New Jersey Should Allow Gay Marriage, State Court Is Told
New Jersey’s civil-union law doesn’t go far enough to protect legal rights of gay couples, and a judge should rule that same-sex couples can marry, a national advocacy group argued in a court filing.
Lambda Legal, representing supporters of gay marriage, urged a judge to “order that New Jersey allow same-sex couples to marry,” according to the state court motion today in Trenton. The group, which has litigated the question for a decade, has new momentum after the U.S. Supreme Court on June 26 struck down a U.S. law denying federal benefits to same-sex married couples.
“State-sanctioned marriage provides the key to the full array of federal marital benefits,” according to the motion. “The discrimination manifest in relegating same-sex couples to civil union establishes the clearest possible violation of the state constitutional guarantee” of equal rights and benefits.
The challenge comes as advocates seek to use the Supreme Court ruling to expand the number of states where gay marriage is legal. Thirteen states and the District of Columbia allow same-sex marriage. In New Mexico, the American Civil Liberties Union said today that it asked the state Supreme Court to rule on whether same-sex couples can marry.
In New Jersey, state Democratic lawmakers are seeking to override Governor Chris Christie’s veto of a same-sex marriage bill passed last year. Christie, a Republican, said marriage should be between a man and a woman.
Christie, appearing today in Toms River, declined to comment on the Lambda Legal challenge. He supports a referendum in November, saying voters should decide whether to amend the state’s constitution to allow same-sex marriage. Democrats have balked at a statewide vote on a matter that they say is a civil right.
“Even if it disagrees with my point of view, if the people of this state vote for it, then I will enforce that law and support that new section of the constitution with the same vigor that I enforce the law and support the constitution now,” Christie said.
“I’m willing to let the people decide,” Christie said. “I don’t know why the advocates for same-sex marriage and, more importantly, why the Democratic legislators are so afraid to let the people decide. If what they are saying is true, this’ll be a layup for them.”
Last week, the Supreme Court struck down the 1996 Defense of Marriage Act, which denied legally married same-sex couples the federal benefits that opposite-sex spouses can claim.
The federal law “places same-sex couples in an unstable position of being in a second-tier marriage,” Justice Anthony Kennedy wrote in the 5-4 decision.
The court stopped short of declaring a constitutional right for gays to marry. It also allowed gay marriages to resume in California, without ruling directly on that state’s voter-approved ban.

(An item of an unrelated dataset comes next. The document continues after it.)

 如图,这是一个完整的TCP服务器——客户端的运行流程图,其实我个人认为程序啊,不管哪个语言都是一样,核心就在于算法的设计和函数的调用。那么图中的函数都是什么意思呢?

The New Jersey filing today was on behalf of Garden State Equality, an advocacy group, and six same-sex couples.
Lambda Legal first sued in New Jersey in 2002 seeking marriage equality. In 2006, the state Supreme Court ruled that same-sex couples must get all the benefits of marriage. It didn’t require gay marriages, and gave the Legislature 180 days to act. The state passed a civil-union law later that year.
In June 2011, Lambda Legal sued for the freedom to marry, saying civil unions violated the state and federal constitutions. The motion today asks Superior Court Judge Mary Jacobson to rule before a trial. Last week, Jacobson gave the state a month to respond to today’s filing. She set Aug. 15 for oral arguments.
“The Supreme Court of the United States has spoken, and it is clear that the time for marriage equality is now,” Troy Stevenson, executive director of Garden State Equality, said in a statement. “The debate is over, the facts are in, civil unions are not and never will be equal to marriage.”
The New Jersey case is Garden State Equality v. Dow, L-001729-11, New Jersey Superior Court, Mercer County (Trenton).